The IRS issued Rev. Proc. 2019-34
on Aug. 6 providing simplified procedures for life insurance companies to obtain automatic consent to change their methods of accounting for discounting of life insurance reserves, Section 807(c)(3) reserves and capitalizing specified policy acquisition expenses to comply with the amendments to Sections 807 and 848 made by the Tax Cuts and Jobs Act (TCJA). Life insurance companies are generally required to make changes to comply with the statutory revisions in their first taxable year beginning after Dec. 31, 2017.

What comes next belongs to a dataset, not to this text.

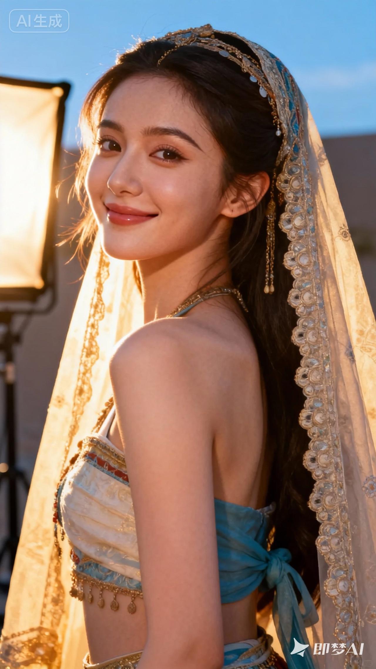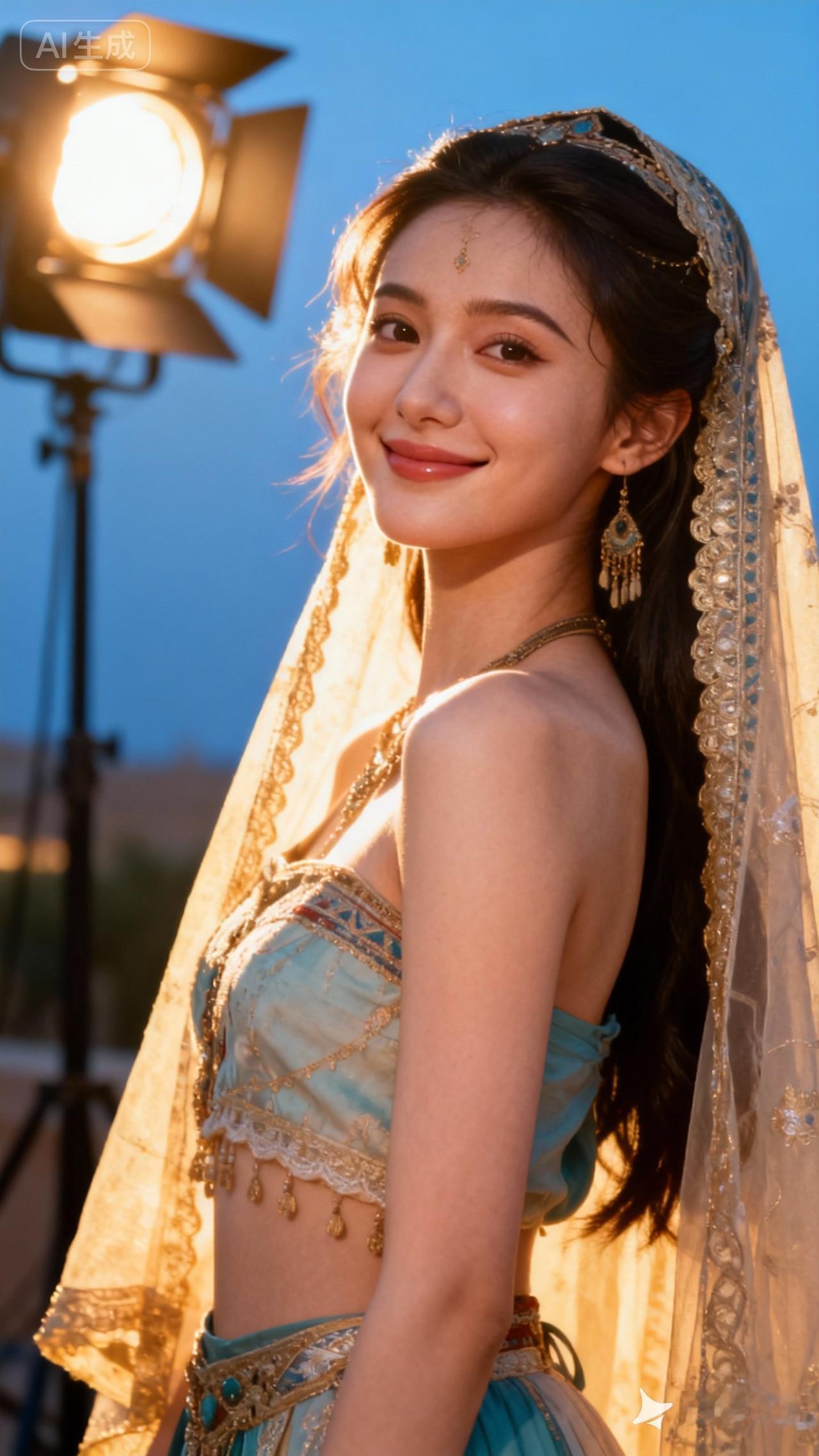 想象一下,一位异域风情少女,身着金纱在梦幻沙漠中轻舞,那画面简直美炸了。就像鞠婧

Prior to the changes made by the TCJA, tax reserves for life and annuity insurance companies required a complicated actuarial calculation involving the use of special tables and rates, and limits related to the Cash Surrender Value (CSV) and the Statutory Reserve. The TCJA modified Section 807(d) such that a set rate of 92.81% would be used instead of the actuarial tax reserve calculation, but kept the limits related to CSV and the Statutory Reserve.
Section 848 was modified to extend the amortization period of specified policy acquisition expenses from 120 months to 180 months. It also modified the rates used to calculate the premiums that are determined to be specified policy acquisition expenses as follows:
- Annuity life insurance premiums increases to 2.09% from 1.75%
- Group life insurance premiums increases to 2.45% from 2.05%
- Other life insurance premiums increases to 9.20% from 7.70 %
In order to reduce administrative burden, the IRS has provided a simplified process that allows taxpayers to appropriately address the changes required by the TCJA. Rev. Proc. 2019-34 explicitly waives the requirement to file a Form 3115. It also waives the eligibility rules in Section 5 of Rev. Proc. 2015-13, which allows taxpayers to make the change in the final year of a trade or business, or in the year in which the taxpayer engages in a liquidation or reorganization to which Section 381 applies, among other things.
The TCJA requires a life insurance company to compute a transition adjustment for the taxable year of change by calculating its insurance reserves as of the close of the taxable year preceding the first taxable year beginning after Dec. 31, 2017, using the new discount rate and comparing it to the losses computed under the old discount rate. The difference is considered to be the Section 481(a) adjustment required for the change in method and is included in the insurance company’s gross income over an eight-year period. A life insurance company must also compute a separate Section 481(a) adjustment for changes to the Section 807(c)(3) reserves that is generally taken into account entirely in the year of change for a favorable adjustment, and ratably over four years for an unfavorable adjustment. A taxpayer may elect instead to include an unfavorable adjustment entirely in the year of change. Changes required under Section 848 are made on a cut-off basis, and therefore a Section 481(a) adjustment is neither permitted nor required.
A taxpayer following this revenue procedure may generally receive audit protection for prior years’ Section 807(c)(3) and 848 methods. A taxpayer does not receive audit protection for the change related to its life insurance reserves. This procedure is effective for the first taxable year beginning after Dec. 31, 2017.
If a taxpayer properly filed a Form 3115 prior to Aug. 26, 2019, to request consent for any of the three changes described in this revenue procedure, and the Form 3115 is pending with the IRS National Office, the taxpayer may opt to convert the change to the automatic procedures. Notification needs to be sent no later than Sept. 25, 2019, or the date on which a letter ruling is received, whichever comes first.